Friday, August 10, 2007

The problem with Aer Lingus Privatization

After the debacle of Eircom you would think that the government would have realized the problem with privatization. Much of the flack over the privatisation of Eircom center on the fact that it failed. This was attributed to the fact that it was privatised not to the actually factors that made it fail. The reason it failed was because they didn't follow Mary Harney's mantra. "If there is anything worse then a public monopoly it is a private monopoly". Whether she heard her own advice we will never know.

The problem arises from the fact that Eircom have a monopoly on the lines. They can do what ever they like with the infrastructure as they have no competition in this area. Hence they can use this position to control the rest of the market.

The same goes with Aer Lingus. The problem is that Aer Lingus had a monopoly on the slots in Heatrow. These slots were deemed necessary for our countries good and should have been kept by the government in a holding company. Myself and Dan among others suggested this when the privatization was done. We should have had the situation where the 4 Shannon slots should have been available on franchise to however wanted to run this service. Be they Aer Lingus, Aer Arann or Air France.

But by again repeating the mistake of the Eircom privatization and putting the monopolistic infrastructure in the hands of a private company. That is the lesson to be learned from privatization. At least with the ESB the ESB and the grid are already separated so if the ESB is broken up the grid can remain with the government.

With Ryanair, workers and the government over 50% of shareholders are against this move. It will be interesting to see if they change this. Indeed could they oust the board? But one thing they should do, and I think Ryanair would support this move. Is to try to use this 50% to move the slots back into public ownership. Whether this is possible or not is not clear.
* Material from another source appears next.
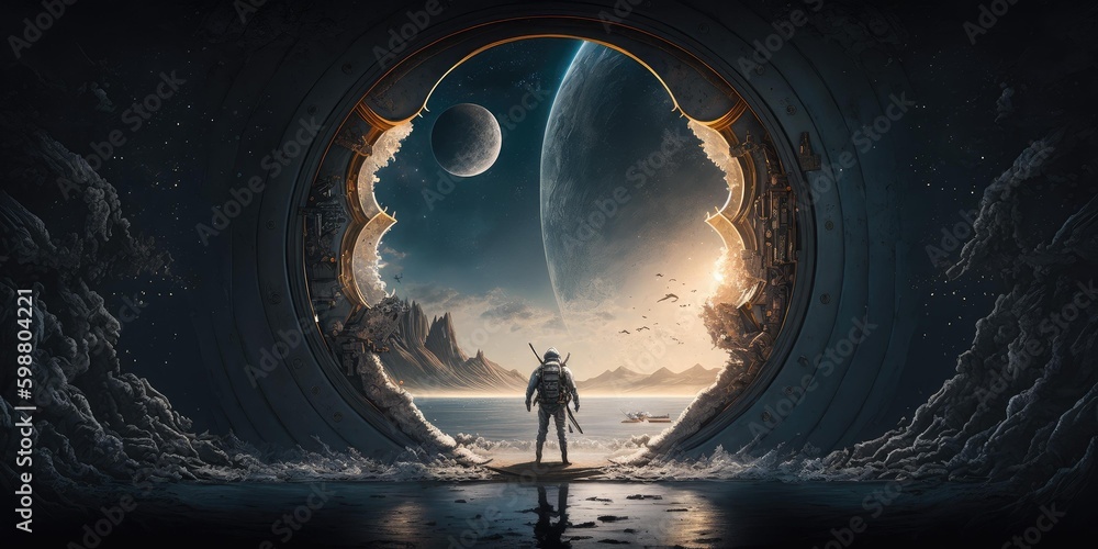 Wall mural : Outer planet landscape with from sci fi novel - superlative generative ai image - generative ai

But certainly if the government care about spatial strategies they have little choice even if it costs.

moves to takeover Aer Ryanair are getting great publicity from this highlighting their commitment to Shannon and that they had no plans to get rid of these slots. I wonder are people regretting not supporting Ryanair's Aer Lingus takeover bid. They committed to keeping the Heatrow links, and have shown great support for Shannon and Ireland throughout the years. If they had taken over we probably would not be in this mess.

2 comments:

CK said...

Maybe my company law knowledge should be able to answer this but it doesn't - should there not have been more input from the majority shareholders in making such a decision, so that we would never have arrived at this situation.
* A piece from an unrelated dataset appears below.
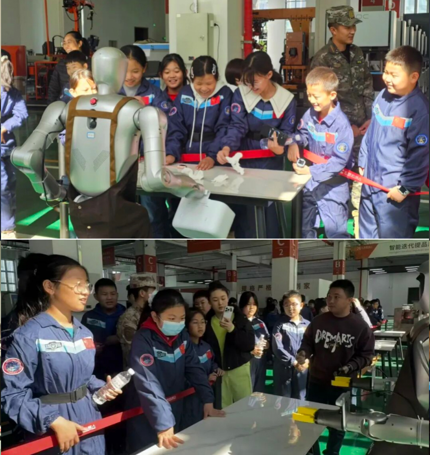 在技術(shù)體驗環(huán)節(jié),學(xué)生們現(xiàn)場觀摩匯博具身智能機(jī)器人演示抓取、運送物品以及清理桌面等生活化場景,在教師指導(dǎo)下觀察機(jī)器人運作細(xì)節(jié),主動提問交流,在互動中進(jìn)一步明晰機(jī)器人技術(shù)在工業(yè)生產(chǎn)、日常生活等領(lǐng)域的應(yīng)用邊界,深化對“科技服務(wù)生活”的理解。

Also, it seems to escape people who are to protect our national interests that we are an island with a deeply unbalanced economic distribution and limited infrastructure, it is not pragmatic to have our national airline work with purely commercial objectives in mind.

Anonymous said...

Shannon has been cossetted and protected from reality for far too long by Government and all the local pressure groups and King Canutes in the mid-West. IMHO, the airport screwed up by not having a 'Plan B' in place. They simply assumed that Aer Lingus would keep serving LHR from SNN and made no contingency plans. This despite the fact that they bent over backwards to accomodate Ryanair - at the expense of Aer Lingus and other operators - and have spent the last number of years slagging off Aer Lingus every time they made any kind of changes to the transatlantic service. Aer Lingus owe Shannon no favours and management made a rational commercial decision which is what they're paid to do. Shannon got stuffed and well deserved.